Start of Input records

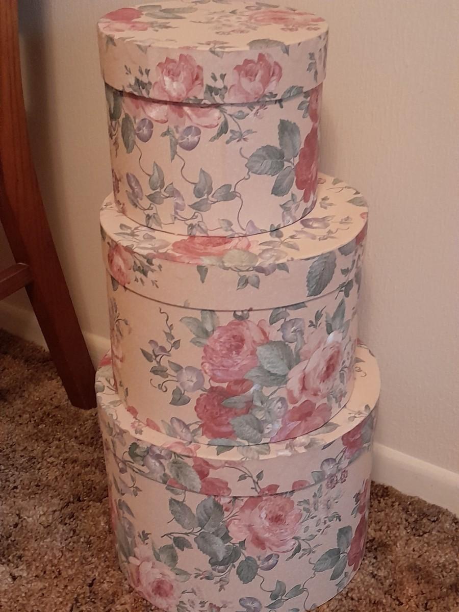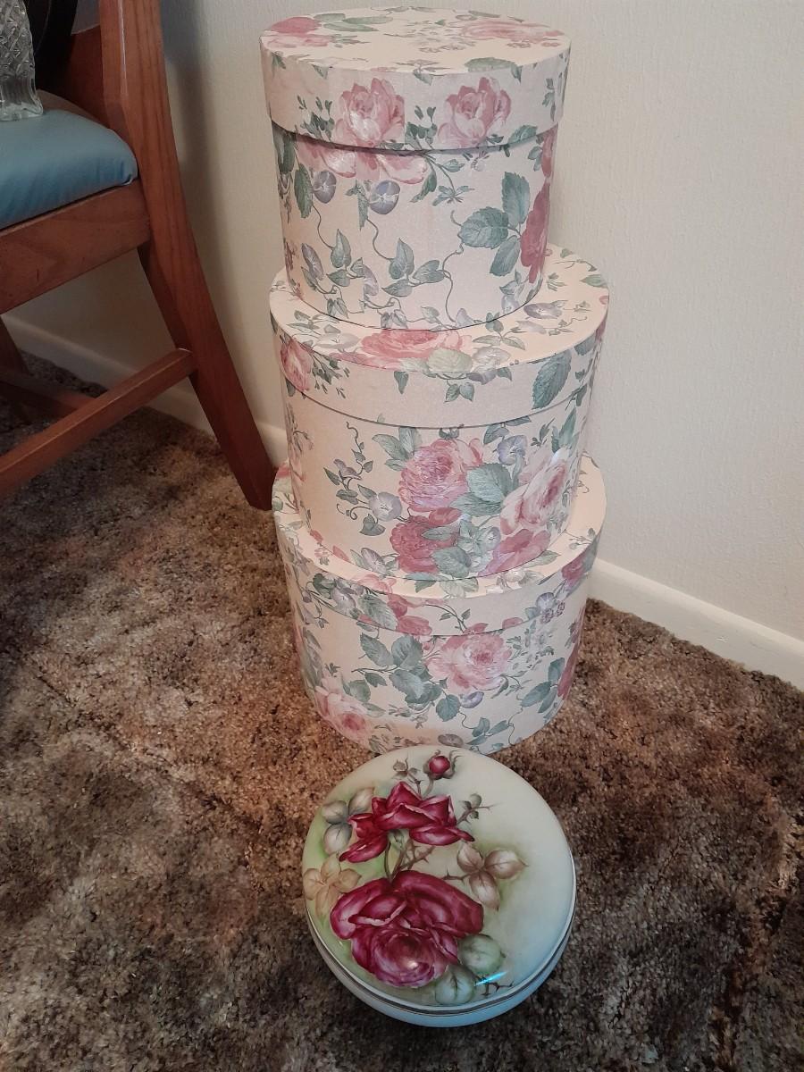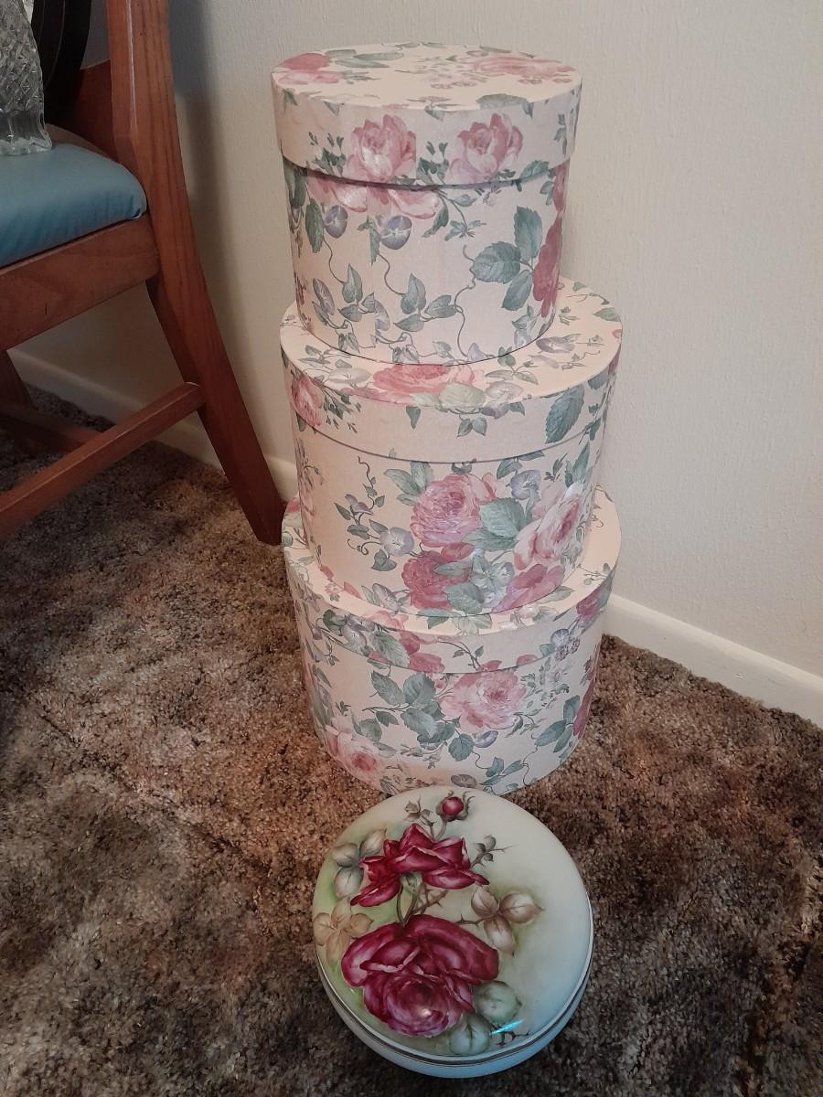 NESTING ROUND BOXES AND PORCELAIN LIDDED DISH
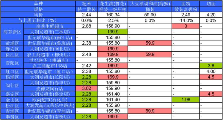 ■粉底标注代表该粮油品种在上述超市的最高价;绿底标注代表该粮油品种在上述超市的最低价。
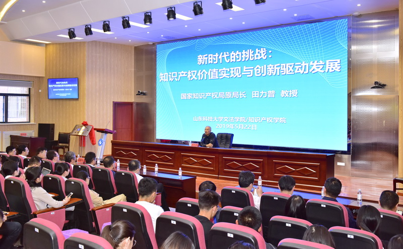5月22日,国家知识产权局原局长、中国知识产权研究会理事长田力普来校访问,受聘为九州在线兼职教授,为我校师生作学术报告,并为灵山湾影视知识产权研究中心揭牌。山东省知识产权局原副局长张跃进,青岛知识产权局局长杨爱民,青岛市中级人民法院副局级审判员曹波等陪同。
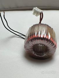 Trasformatore toroidale vintage. Primario 220 V 50 Hz secondario 12 V 50 Watt. Diametro esterno 60 mm, diametro interno 23 mm, altezza 50 mm, peso 570 g. Disponibili varie unità.
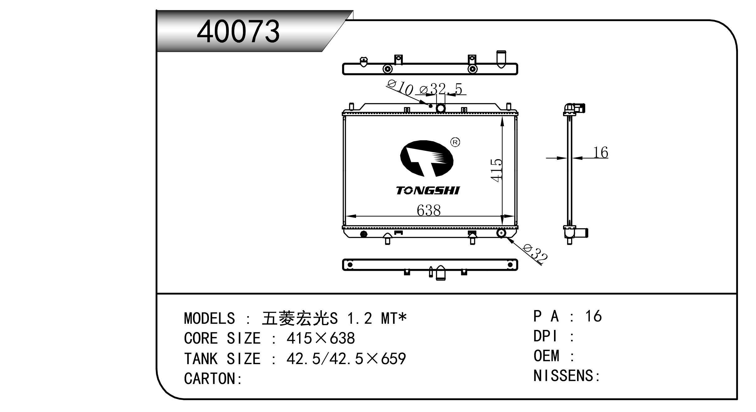 FOR COROLLA ZZE122 AT RADIATOR

End of Input records

=== Task objective ===
Starting with the line that holds "5月22日,国家知识产权局原", print each line through the last one of the data exactly as written, but do not include the pictures.

=== Your solution ===
5月22日,国家知识产权局原局长、中国知识产权研究会理事长田力普来校访问,受聘为九州在线兼职教授,为我校师生作学术报告,并为灵山湾影视知识产权研究中心揭牌。山东省知识产权局原副局长张跃进,青岛知识产权局局长杨爱民,青岛市中级人民法院副局级审判员曹波等陪同。
 Trasformatore toroidale vintage. Primario 220 V 50 Hz secondario 12 V 50 Watt. Diametro esterno 60 mm, diametro interno 23 mm, altezza 50 mm, peso 570 g. Disponibili varie unità.
 FOR COROLLA ZZE122 AT RADIATOR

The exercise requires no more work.